Funded by: PCHRD
Project Leader: Maria Corazon A. de Ungria, PHD

Forensic DNA profiling has been used to assist in criminal investigations and resolution of civil disputes, such as filiation testing and to aid in disaster victim identification (DVI). In the last 10 years, advances in the field of DNA forensics has significantly increased the standards of resolving questions of human identity that are used as evidence in courts worldwide.

For scientific evidence such as DNA analysis to be admitted before Philippine courts, it must be demonstrated that the methods used have been tested empirically and subjected to peer review and publication. Nowadays, the basic science behind the use of DNA analysis for human identification and relationship testing is rarely called into question in court. Instead, questions focus on the validity of the techniques used and the capability of the laboratory that performed the analysis. Thus, to ensure the acceptance of forensic DNA technology in the Philippines, the effectivity of the technology in providing objective answers to questions of human identification and relationship testing must be demonstrated in the local setting.

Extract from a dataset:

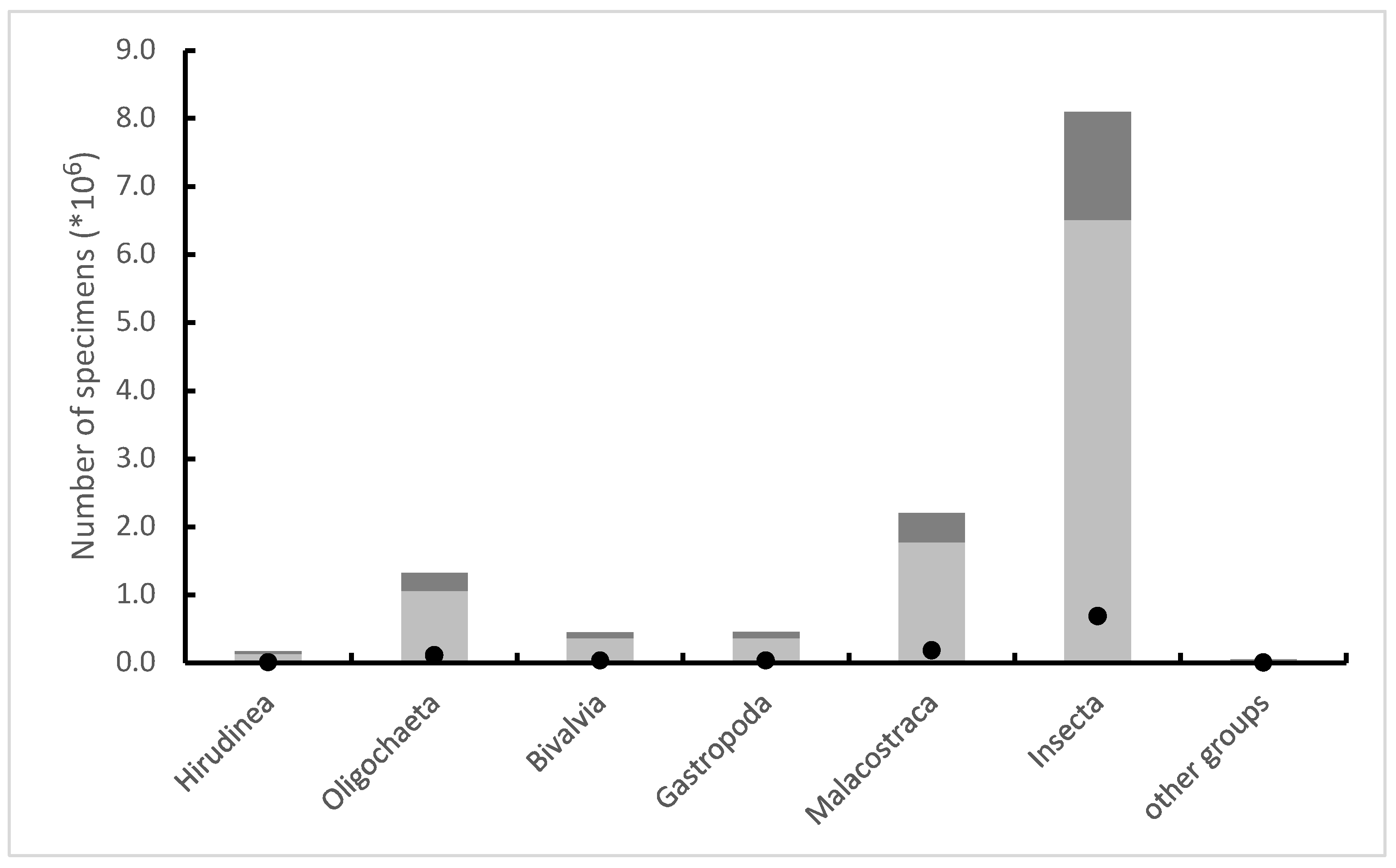 Figure 1. Estimated number of animals from the most important taxonomic groups that were killed during sampling for the purposes of biomonitoring in Polish watercourses in 2012–2019, with the number of specimens used for the analysis (dark grey) and the number of individuals necessary for the correct analysis (black dots) shown.

Project 1: Human Remains Identification and DNA Profiling

Duration of the Project: 15 January 2013 – 14 October 2016
Source of Fund: DOST-PCHRD
Project Leader: Gayvelline C. Calacal, RMT, MSc
Position/Agency: Scientist I, DOST/CSC Scientific Career System, University Researcher II, DNA Analysis Laboratory, NSRI, UP Diliman, Quezon City

In cases of disaster victim identification, missing persons and other forensic investigations involving human remains identification, samples encountered may have been exposed to various environmental conditions such as extreme heat, water immersion, burial, chemical treatment and post mortem decomposition. Such conditions can cause significant DNA resulting to fragmentation and degradation, which in turn may lead to negative DNA profiling results or the generation of only partial genetic profiles.

In this study, we established validated procedures for the analysis of degraded human samples for forensic applications. It focused on different factors that affect the success of DNA-based human identification in disaster situations. The project included the determination of the robustness and sensitivity of current autosomal STR (aSTR) and Y-STR DNA genotyping and mitochondrial DNA sequencing procedures, the simulation of DNA amplification in the presence of inhibitors and/or chemicals that degrade DNA and the assessment of the quality of DNA profiles after the amplification of DNA that was obtained from biological samples that were exposed to different environmental conditions.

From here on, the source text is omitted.